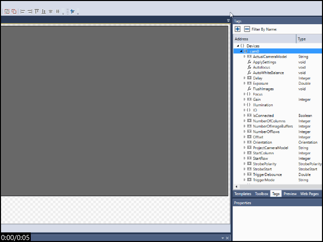 Simply drag-and-drop the tags from the Tags Window (published tags are in the Devices > cam0 category) onto the WebPage.
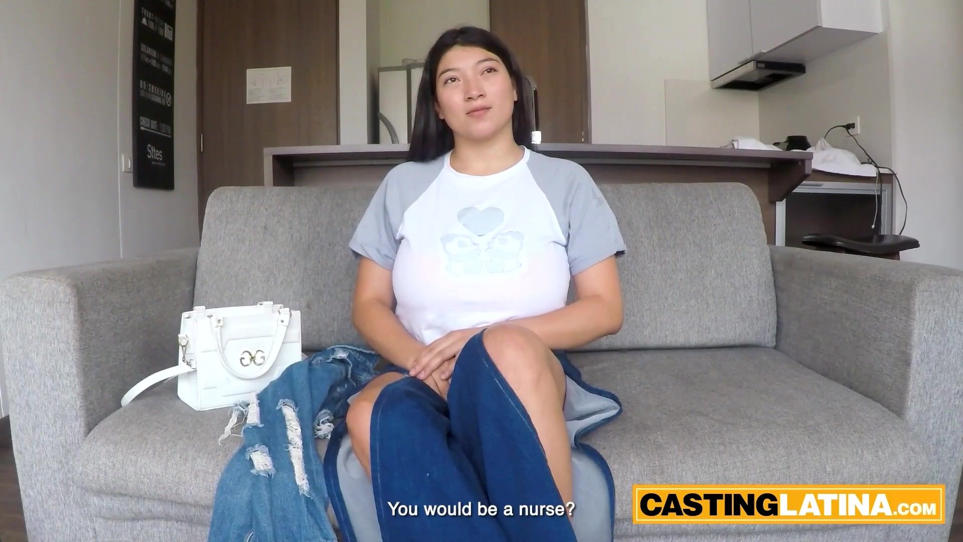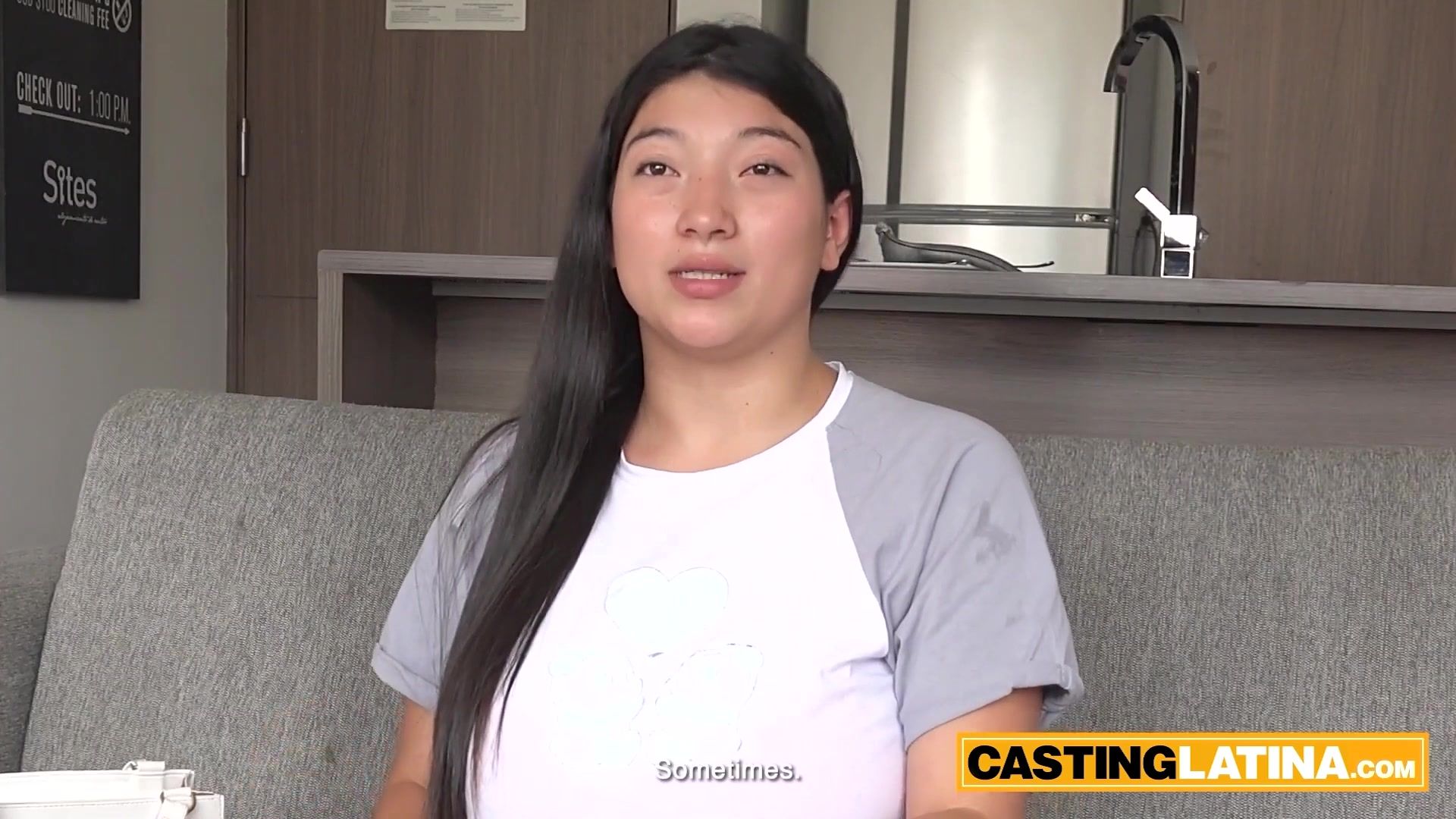 Huge boobs Japanese latina MILF on casting but being too old for modelling but the producer had a job for her either way! A blow job where he sticks his huge cock deep down her throat which made her gag on his big dick on video!
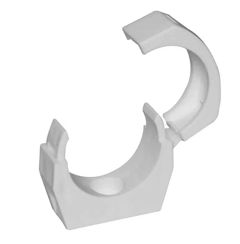 Valkoinen yksiosainen putkikiinnike lukituskannella. Putkille, joiden ulkohalkaisija on 50 mm. Kiinnikkeen mitat ovat 65 x 23 x 70 mm
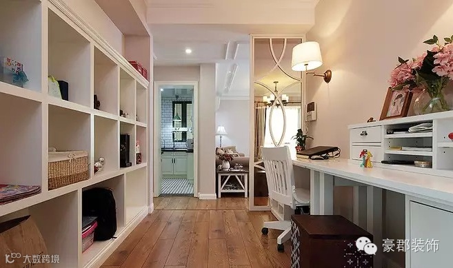▲ 儿童房以木线条玻璃隔断窗和客厅相隔
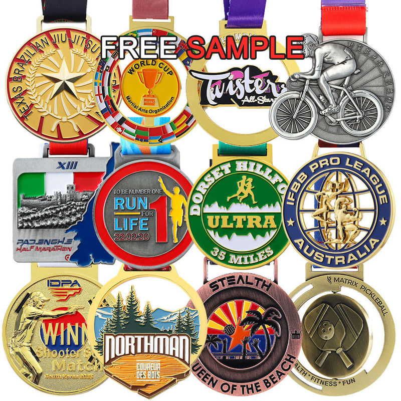 कस्टम पदक जस्ता मिश्र धातु खेल पदक 3 डी स्वर्ण पदक पुरस्कार रस्सी के साथ धातु पदक
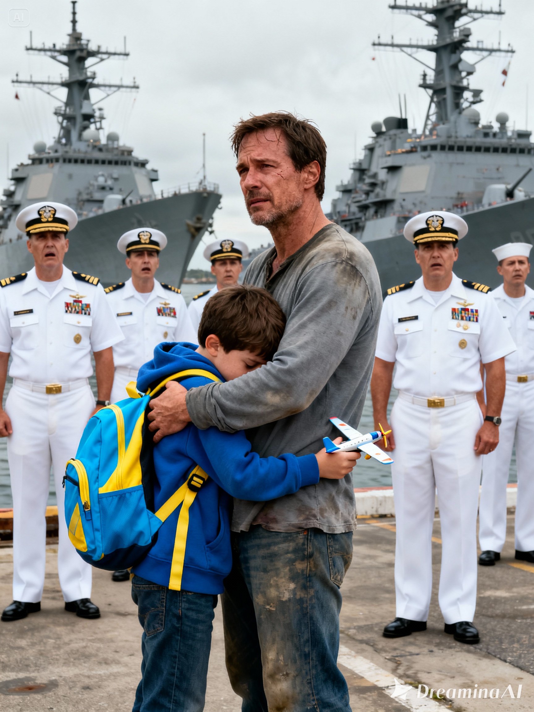 It was a cold morning at the naval base in San Diego, the kind where the air smelled of salt, metal, and old memories. Fog hung over the water, and the ships rested quietly like giants at rest. The sound of boots on the pavement punctuated the silence as sailors moved to their posts. Among the bustle of disciplined chaos, one man stood out—not because of his uniform, but because of the weight he carried in his gaze. His name was Daniel Brooks. He wasn’t there as a soldier that day, but as a single father, just trying to pick up his young son from daycare on base.
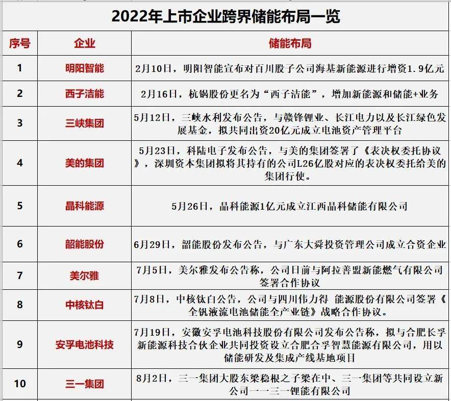 过去一年内,已有20余家上市企业跨界投资储能,比如,明阳智能、美的集团、传艺科技、永泰能源、安孚科技、杭锅股份等等,杭锅股份更是直接改名为西子洁能,看来是对储能的热爱不是一点点。
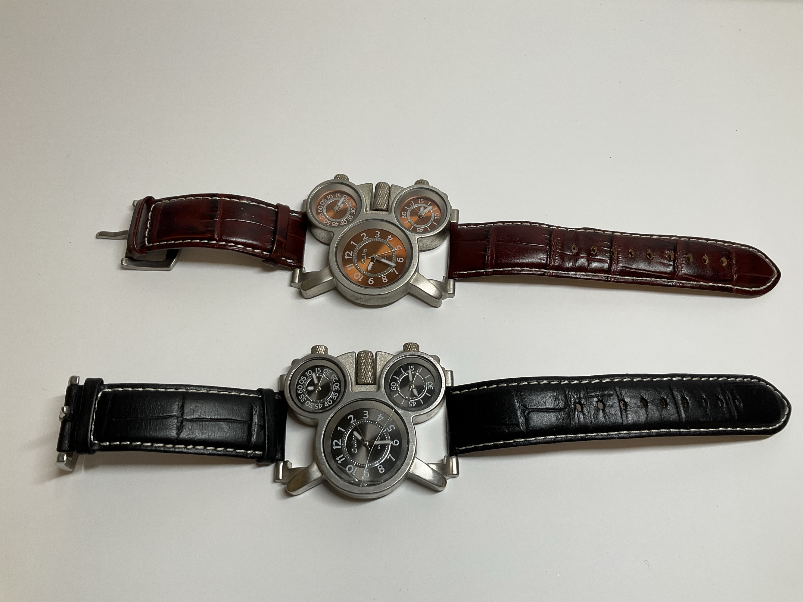 This lot features two unique watches designed by Oulm of Italy. The watches are each equipped with three separate dials allowing for viewing of multiple time zones, and have leather bands. One has a cracked crystal. We do not guarantee watches to run.
########################################
▶ _Problem to work on_
From the line with "It was a cold" through the last line of the entries above, transcribe everything exactly, both ends included, but not the pictures.

▶ _Response area_
 It was a cold morning at the naval base in San Diego, the kind where the air smelled of salt, metal, and old memories. Fog hung over the water, and the ships rested quietly like giants at rest. The sound of boots on the pavement punctuated the silence as sailors moved to their posts. Among the bustle of disciplined chaos, one man stood out—not because of his uniform, but because of the weight he carried in his gaze. His name was Daniel Brooks. He wasn’t there as a soldier that day, but as a single father, just trying to pick up his young son from daycare on base.
 过去一年内,已有20余家上市企业跨界投资储能,比如,明阳智能、美的集团、传艺科技、永泰能源、安孚科技、杭锅股份等等,杭锅股份更是直接改名为西子洁能,看来是对储能的热爱不是一点点。
 This lot features two unique watches designed by Oulm of Italy. The watches are each equipped with three separate dials allowing for viewing of multiple time zones, and have leather bands. One has a cracked crystal. We do not guarantee watches to run.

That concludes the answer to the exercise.